Asked to define “corporate social responsibility” in their own words, 27 percent of the 800 adults interviewed for the survey identified it as a demonstrated commitment to the well-being of employees.
Only 3 percent identified charitable donations as the chief determinant of a company’s social responsibility.
“It’s not that charitable work and philanthropy are not relevant, but relative to other issues, it just doesn’t rank as highly,” a senior vice president at Fleishman-Hillard, Sue Jolly, said.
Companies typically work hard to promote their philanthropy. The May 18 issue of The Chronicle of Philanthropy, for example, highlights several companies that have made marketing alliances with nonprofit groups, dedicating a percentage of sales of certain products to a specific charity or agreeing to support a specific program or project.
While a third of the respondents to the survey said their purchasing decisions were influenced by such efforts, Linda F. Golodner, president of the consumers’ group, said the survey indicated that companies might be better off emphasizing how they treat their employees.
“How they communicate with consumers about their sensitivity to employees should be their focus,” she said.
But Charles Moore, executive director of the Committee to Encourage Corporate Philanthropy, said corporate social responsibility traditionally had been defined by things like workplace environment and environmental sustainability, not companies’ charitable work.
“I just don’t think this says much about corporate philanthropy,” Mr. Moore said of the survey.
In general, consumers who participated in the survey gave companies low marks for their corporate social responsibility. On a scale of 1 to 5, with 1 representing poor and 5 representing excellent, just 21 percent gave businesses a 4 or a 5.
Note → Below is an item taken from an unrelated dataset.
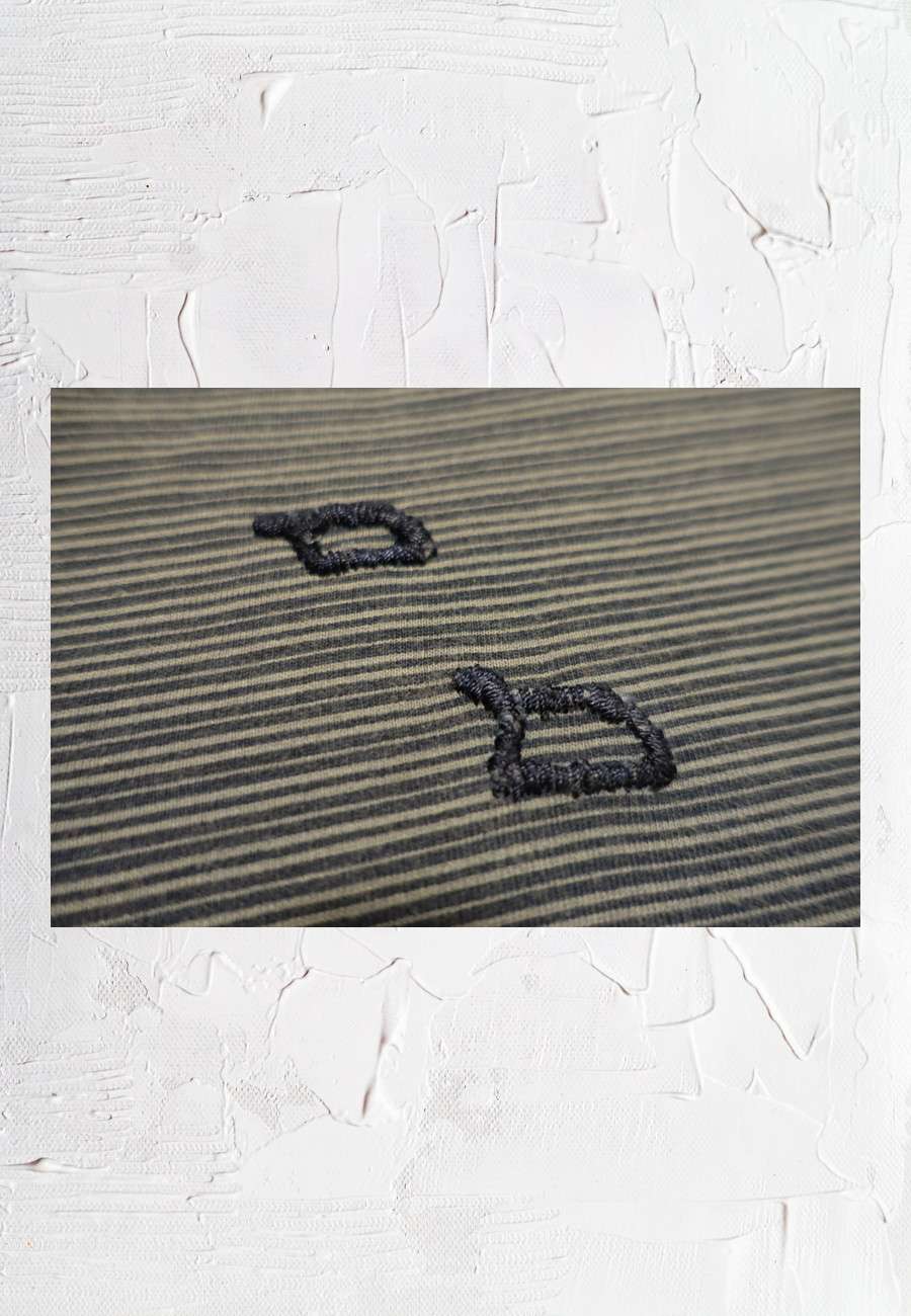 Kleine Stickerei auf dem Oberteil eines Schlafanzugs.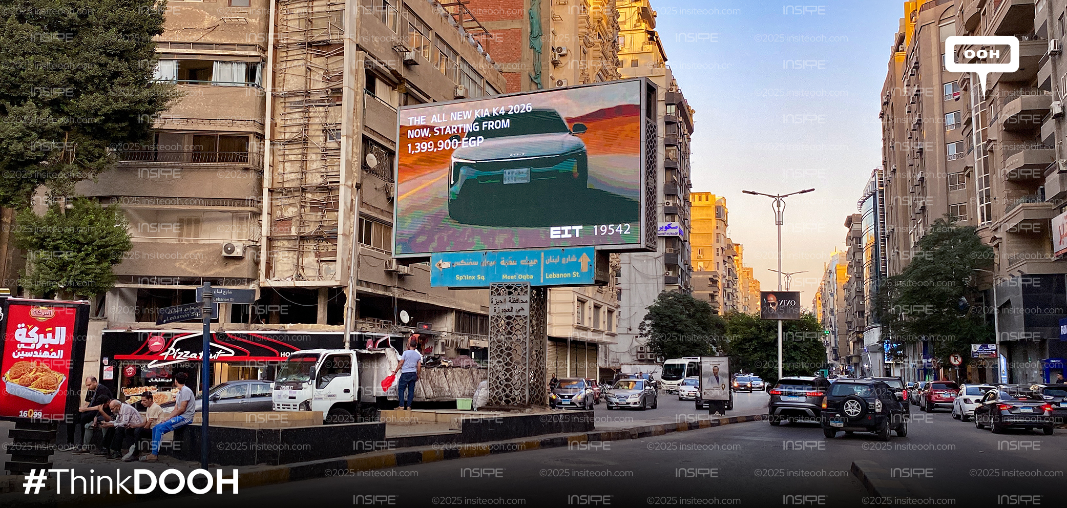 KIA Egypt’s latest digital OOH activation is hard to miss—literally. The all-new K4 2026 has taken over Cairo’s most strategic screens, headlining EIT's fresh campaign rollout with a sleek and futuristic look.

Thirty-four percent, on the other hand, gave companies a 1 or a 2.
“It emphasizes that companies are not doing a good job right now in convincing consumers that they are socially responsible,” Ms. Golodner said.
More than half of the respondents said they had used the Internet to begin forming their opinions about companies but that they considered corporate Web sites, company reports and reports from senior executives the least credible sources of information.
“They want an unvarnished view, and they want it from someone like them,” said Tony Calandro, a senior vice president at Fleishman-Hillard.
The survey was conducted in February and March using a random sample of telephone numbers, and consisted of interviews with 800 adults in all 50 states. It has a margin of error of two to four percentage points.